Nick Gerda/Voice of OC
All of the Santa Ana City Council candidates who showed up for an election forum Tuesday night agreed that the city needs to expand positive opportunities for youth – including more open space, after-school programs, job training, internships, and tutoring.
With nearly half of its residents under 20 years old, the city is one of the youngest in the nation. Yet by many key measures, children in Santa Ana’s low-income, densely populated neighborhoods have far fewer opportunities than their peers in nearby cities.
But when it comes to the question of how expanded programs should be paid for, the candidates attending the forum at the downtown headquarters of Latino Health Access had very different opinions.
Some, like mayoral candidate Ben Vazquez, want to see part of the city’s police spending, which is 53 percent of the general fund budget, be shifted to investing in programs aimed at engaging young people and keeping them out of trouble.
“We’re paying tons of money for safety that’s not working,” Vazquez said. “When you invest in youth, when you invest in hope, that is safety.”
Candidates Ana Urzua Alcaraz, Roman Reyna, and Patrick Yrarrazaval-Correa also agreed about shifting some of the police budget to youth programs.
“We can’t arrest our way to a safe environment,” Reyna said. “We have to provide our young people with alternatives, and that’s how we break” the cycle.

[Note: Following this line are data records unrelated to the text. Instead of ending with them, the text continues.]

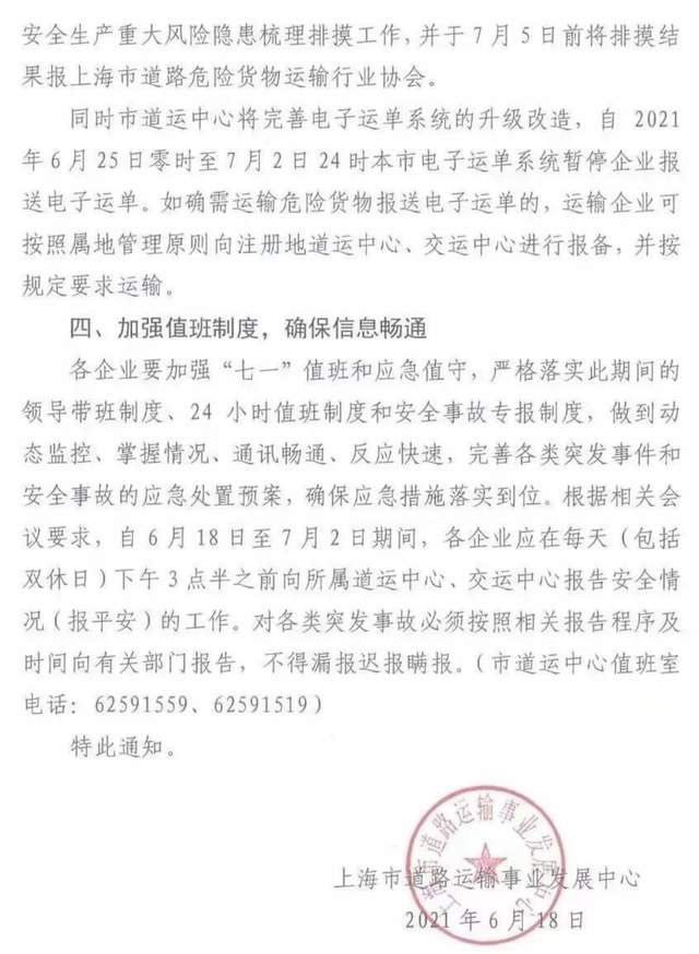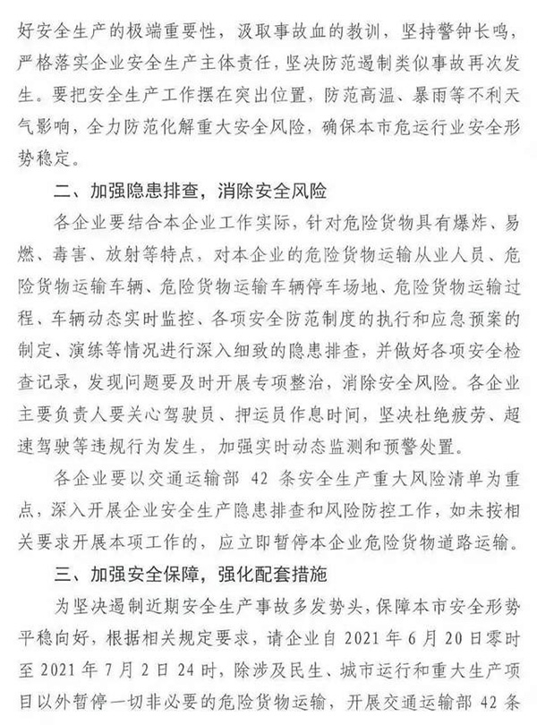 為堅(jiān)決遏制近期安全事故多發(fā)勢(shì)頭,保障上海市安全形勢(shì)平穩(wěn)向好,根據(jù)相關(guān)規(guī)定要求,請(qǐng)企業(yè)自2021年6月20日零時(shí)至2021年7月2日23時(shí),除涉及民生、城市運(yùn)行和重大生產(chǎn)項(xiàng)目以外暫停一切非必要的危險(xiǎn)貨物運(yùn)輸,開展交通運(yùn)輸部42條安全生產(chǎn)重大風(fēng)險(xiǎn)隱患梳理摸排工作,并于7月5日前將摸排結(jié)果報(bào)上海市道路危險(xiǎn)貨物運(yùn)輸行業(yè)協(xié)會(huì)。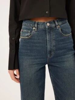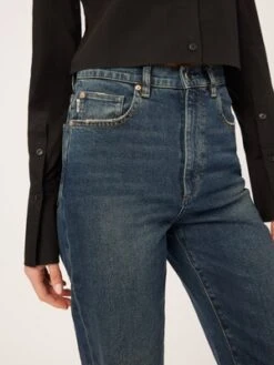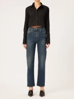 The Enora Straight Cigarette is an ultra-high rise fit with a 29″ inseam that is designed to provide a relaxed, vintage look. The Broadbay wash is a deep indigo hue with a genuine worn-in feel, complete with brushed silver and matte copper hardware, multi-colored stitching, a clean hemline, and a black back patch.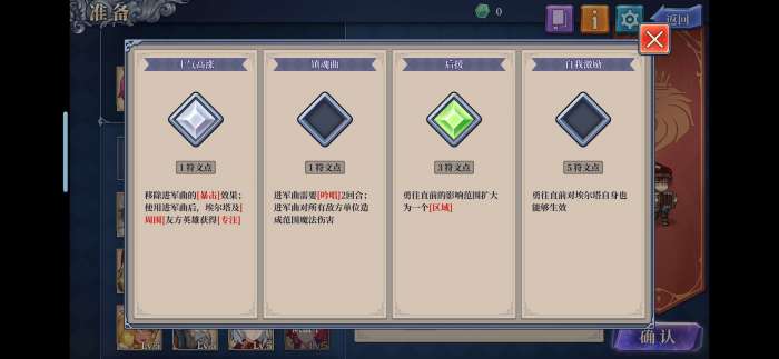 其他要点:之所以选这四个角色,是因为他们生命值都很低,护盾量却奇高。而在黑暗法典+零式战甲的打法下,生命全都是1.我们是完全不需要生命的,反而是护盾越高越好。再者,这四个角色也那么恰好就能提供三个心符文,让梅丽莎刚好就能放技能。武器用元素赞歌没有别的意思,完全是因为它附魔运气比较好。剩余一个饰品用的指南针,可以多加一张指令卡,提高容错率,也可以用其他。

Other candidates — particularly Jose Solorio and Juan Villegas, who are endorsed by the city’s police union – said the police department needs more resources given recent growth in violent crime.
“Right now currently we have a high crime rate going on. There’s a lot of violence,” said Villegas, who works as a sheriff’s special officer.
He added that while he believes in prevention programs and community policing, “we could have a whole bunch of programs” and the city will still have kids who commit crimes.
Solorio said the police department is understaffed, adding that when a resident calls 911 for police assistance, “we need them to respond” and “respond quickly.”
He promised to seek outside grants for youth programs, and to return to the activist groups for a budget workshop if he’s elected.
“I want to come back to the same room, if I’m invited back, to walk through the budget,” Solorio said.
Mayor Miguel Pulido is also backed by the police union and supports devoting all of the city’s budget surpluses to the police department. He came to Tuesday’s forum, held at Latino Health Access, but left before the mayoral candidates discussion started.
David De Leon, the Ward 3 council candidate who is endorsed by most of the City Council, also didn’t attend. And Councilman Vicente Sarmiento attended but left before the budget shift questions were asked.
Urzua Alcaraz, a community activist who works for the Santa Ana Building Healthy Communities coalition, went furthest in calling for up to 5 percent (or $6 million) of the police budget to be shifted to prevention programs. She didn’t provide specifics regarding where she would cut the department’s budget.
Yrarrazaval-Correa, however, said he would negotiate to reduce city pension costs for new officers.
“At some point they will be the entire city budget,” Yrarrazaval-Correa said of the pension liabilities. “The only way we’re going to get this monkey off our back” is through negotiations, he said.
Reyna, meanwhile, noted that he was the only council member this year to vote against Pulido’s proposal to use the city’s entire budget surplus for police.
The need to create more open space was another key issue brought up at the forum, which was moderated by Voice of OC Publisher Norberto Santana Jr. and featured questions from community activists involved with the Building Healthy Communities coalition.
Santa Ana is one of the most park-poor cities in the nation, and all of the candidates agreed on the need to find creative ways to open up more park space.
The most immediate opportunity to provide more open space for kids is at local public schools, which have large yards that that are closed on evenings and weekends.
For years, city and Santa Ana Unified School District leaders have emphasized the need to have more joint-use agreements to make that happen. But there were few answers Tuesday about why promises by council candidates in previous elections regarding joint-use agreements haven’t materialized.
“We’ve only been able to have a few discussions with the district,” Sarmiento said.
When pressed by questioners, Sarmiento suggested the city and school district still have points of disagreement, and that there’s not enough room in the budget for all schools to have joint-use.
Activists said after the forum that they plan to track the city’s spending priorities and advocate for youth opportunities during the upcoming budgeting process.